- 4 August, 2005

Britain secretly sold Israel an important ingredient for the nuclear program in the 1950s, according to the documents uncovered.

The BBC's Newsnight program said government papers held at the National Archive showed Britain shipped 20 tones of heavy water to Israel in 1959.

The program said the water was vital for the production of plutonium at Israel's top secret Dimona nuclear reactor in the Negev desert. Newsnight said British officials did not impose any conditions on the sale, such as its being used for peaceful purposes, and in one of the documents a British Foreign Office official cautioned against informing the United States of the sale.

The revelation is potentially embarrassing for the British government at a time when London is heavily engaged with its European Union partners in trying to persuade Iran to give up its nuclear ambitions.

"On the whole I would prefer NOT to mention this to the Americans," Foreign Office official Donald Cape wrote in an official paper in 1958.

Israeli Vice Premier Shimon Peres, who was director general of Israel's Defense Ministry from 1953-1958 and was instrumental in building Israel's nuclear reactor in Dimona, on Thursday refused to comment on the report.

There was no immediate comment from Britain's Foreign Office.

Israel has said the Dimona reactor is used only for peaceful purposes and nuclear experts said Thursday that heavy water can also be used for civilian purposes.

Heavy water, also known as deuterium, is used both as a reactor coolant and as a moderator in the process of turning natural uranium into weapons-grade plutonium.

The Dimona reactor is one of the most sensitive sites in Israel. The state maintains a policy of deliberate ambiguity about its nuclear program, neither confirming nor denying that it has nuclear weapons.

According to Newsnight, the 20 tones of heavy water were part of a consignment that Britain bought from Norway in 1956. Britain later decided this was surplus to requirements.

According to the BBC, the documents show how officials presented the transaction as a straight sale from Norway to Israel. The documents reveal, however, that the heavy water was transported from a British port in Israeli ships in two consignments, half in June 1959 and half a year later.

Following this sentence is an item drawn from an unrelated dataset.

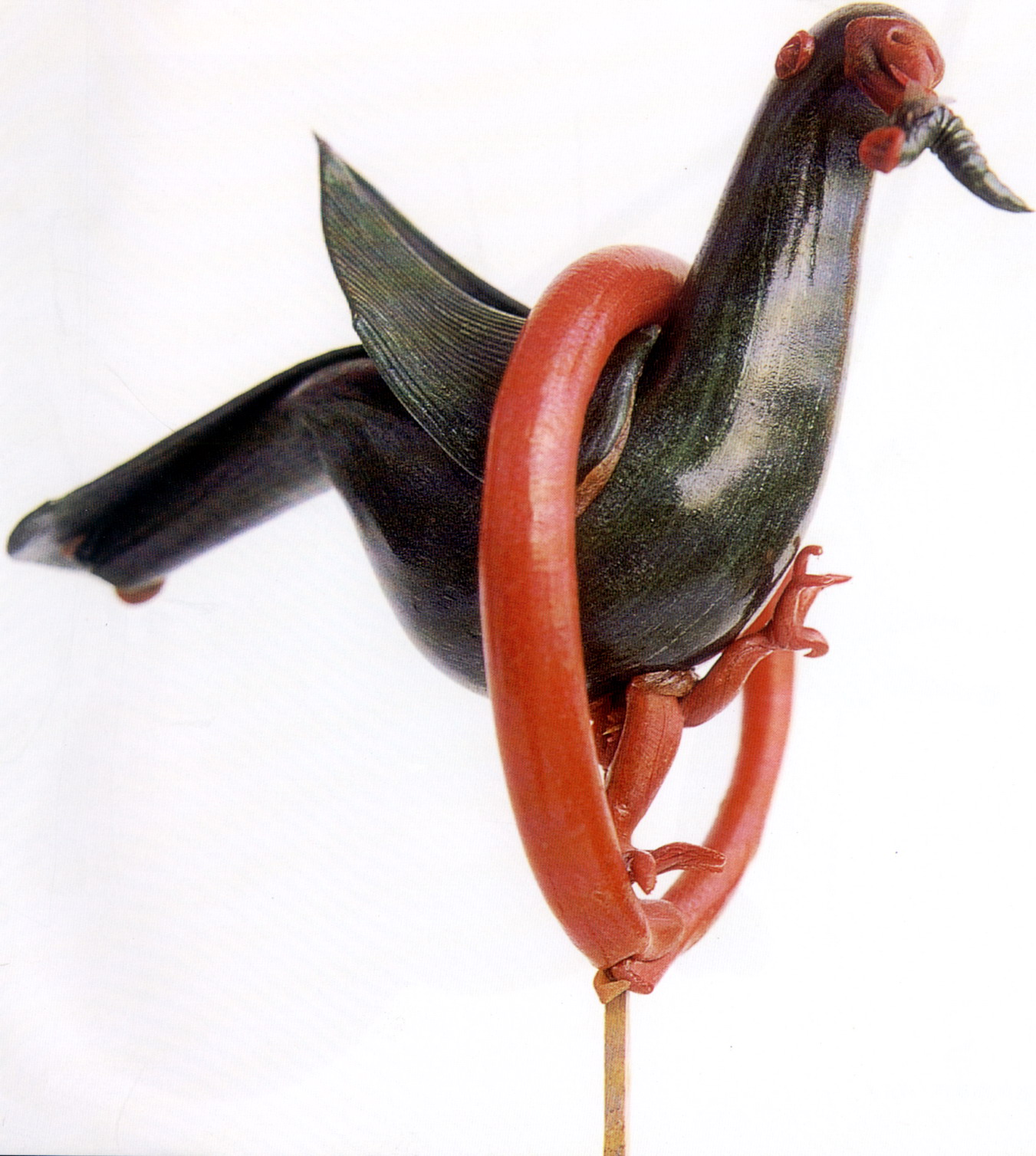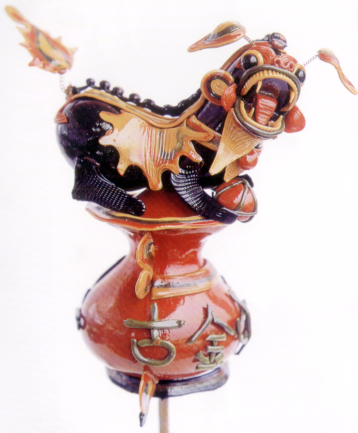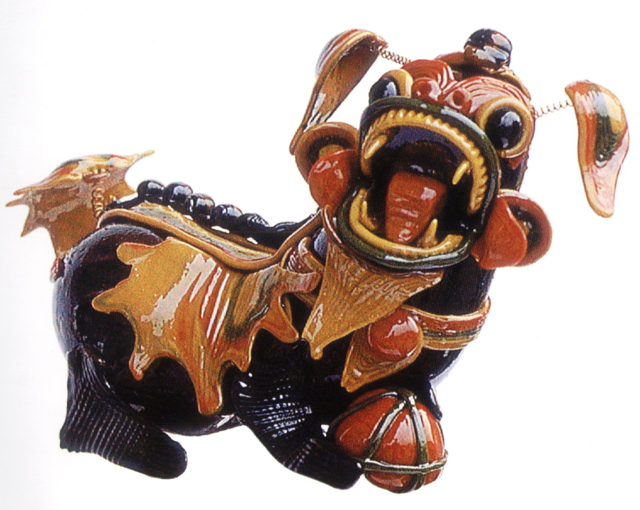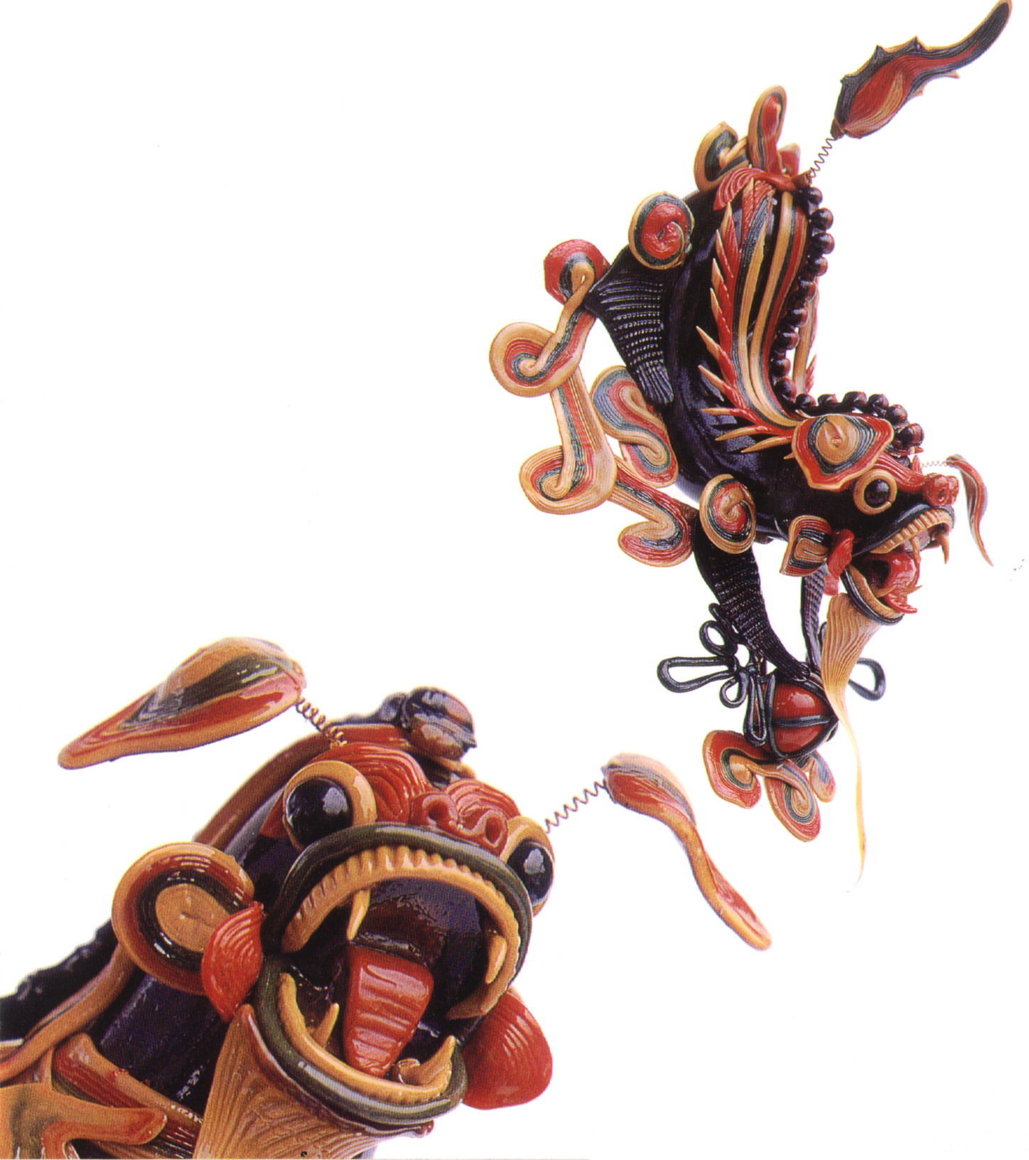 糖塑,俗稱吹糖,在湖北遍及全省,尤以天門最為突出。糖塑之所以贏得人們的喜愛,是因為它獨具特色:1、原料可塑性強:麥芽糖是糖塑的主要原料,加熱后變軟,比面塑更具可塑性,既可吹成薄而亮的各類造型,又可拉成粗細不同的糖絲。捏成不同形狀的配件,易粘且牢固;2、造型神形兼?zhèn)洌禾撬艿募妓囍饕Ψ蛟凇按怠鄙,一塊糖坯在藝人手中,邊吹邊捏,再通過搓、壓、挑、剪等手段,加上輔助的小鐵絲,少則幾分鐘,多則半小時,一件作品就完成了;3、色彩和諧醒目:麥芽糖加溫變軟加入紅、綠、黃、黑四種色素,根據(jù)需要又可調(diào)和成數(shù)十種復色,色彩響亮和諧;4、肌理變化豐富是糖塑獨具的特點:在糖塑中,附件變化萬千的肌理又與主體吹成光滑的表面形成鮮明的對比,顯得更加豐富耐看;5、“活”的部件是糖塑的又一特點:有的部件裝上自制的鋼絲彈簧,一經(jīng)拿在手中,部件都“活”起來了,更具生氣。

Newsnight said it had found no evidence that ministers in the government of then Prime Minister Harold Macmillan were aware of the sale and believed the decision was taken simply by civil servants, mainly in the Foreign Office and the U.K. Atomic Energy Authority.

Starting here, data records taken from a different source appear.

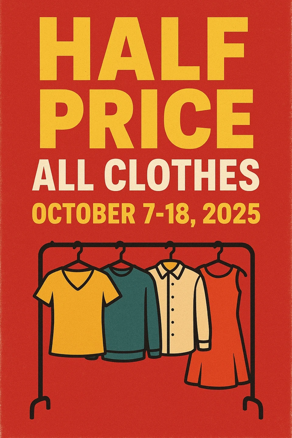 Half Price All Clothes - October 7-18, 2025
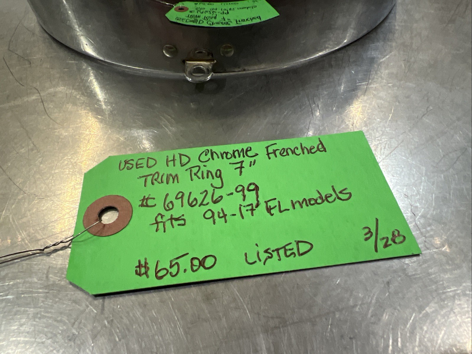 Harley Davidson Chrome Frenched Trim Ring 7” #69626-99. Condition is used. Fits 94-17’ FL models buyer is responsible for fitment and applications
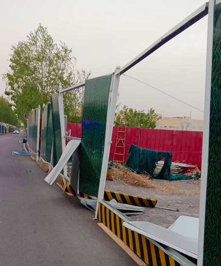 受大风天气影响,中州大道车辆段外围部分围挡出现倾斜倒塌,万厦人一早赶往现场查看情况后,便开始了紧急维修。
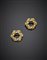 Due spille a ghirlanda in oro giallo, perle, zaffiri e smeraldi, g 11,09, diam. cm 2,70.
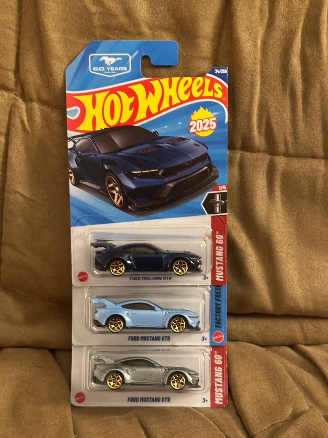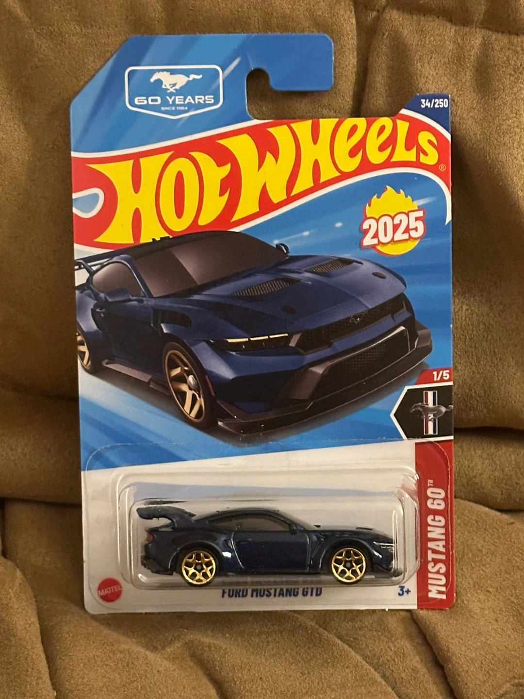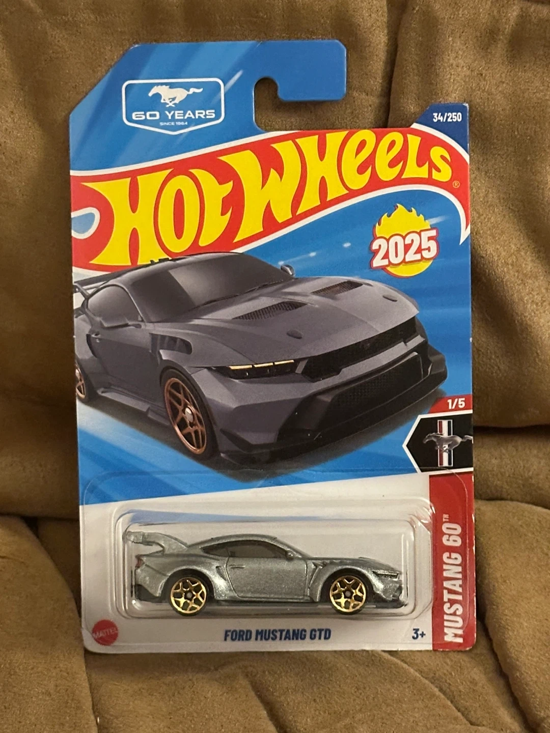 This is a Hot Wheels 2025 Ford Mustang GTD die-cast toy car. It's part of the 60 Years series. The car is a 1:64 scale model. Suitable for ages 3 and up.

Norwegian Foreign Ministry spokeswoman Anne Lene Dale Sandsten disputed the claim that Britain was involved.

"It was Norway that exported heavy water to Israel. This has been known for a long time," she said Thursday, declining to comment further on the report.

Israel's Atomic Energy Commission said it was investigating the report, but had no comment at the moment.

According to Gerald Steinberg, an expert on the Israeli nuclear program from the Bar Ilan university's Begin-Sadat center for strategic studies, the British shipment may have been part of an exchange following the 1956 Suez campaign.

"Israeli nuclear facilities were being developed in cooperation with France and there was a Suez connection there, so there may also be a possible less visible connection with Britain," Steinberg said. "This was before the era of the Non Proliferation Treaty, so there were no international restrictions at the time."

In 1956 Israel invaded the Sinai to give Britain and France a pretext to send troops into Egypt and retake the strategic Suez canal which had been nationalized by late Egyptian leader Gamal Abdel-Nasser. The British and French quickly withdrew following intense pressure from the U.S., which had not been informed of the attack.

Steinberg said heavy water can also be used for peaceful purposes. He noted that it is already known that Israel bought heavy water from Norway.

"This revelation does not tell us anything new about the Israeli program," he said.

In 1986, former technician Mordechai Vanunu gave information and pictures of the Dimona facility to London's Sunday Times newspaper. On the basis of his revelations, experts concluded that Israel has the world's sixth-largest stockpile of nuclear weapons, consisting of about 200 warheads, the AP reports.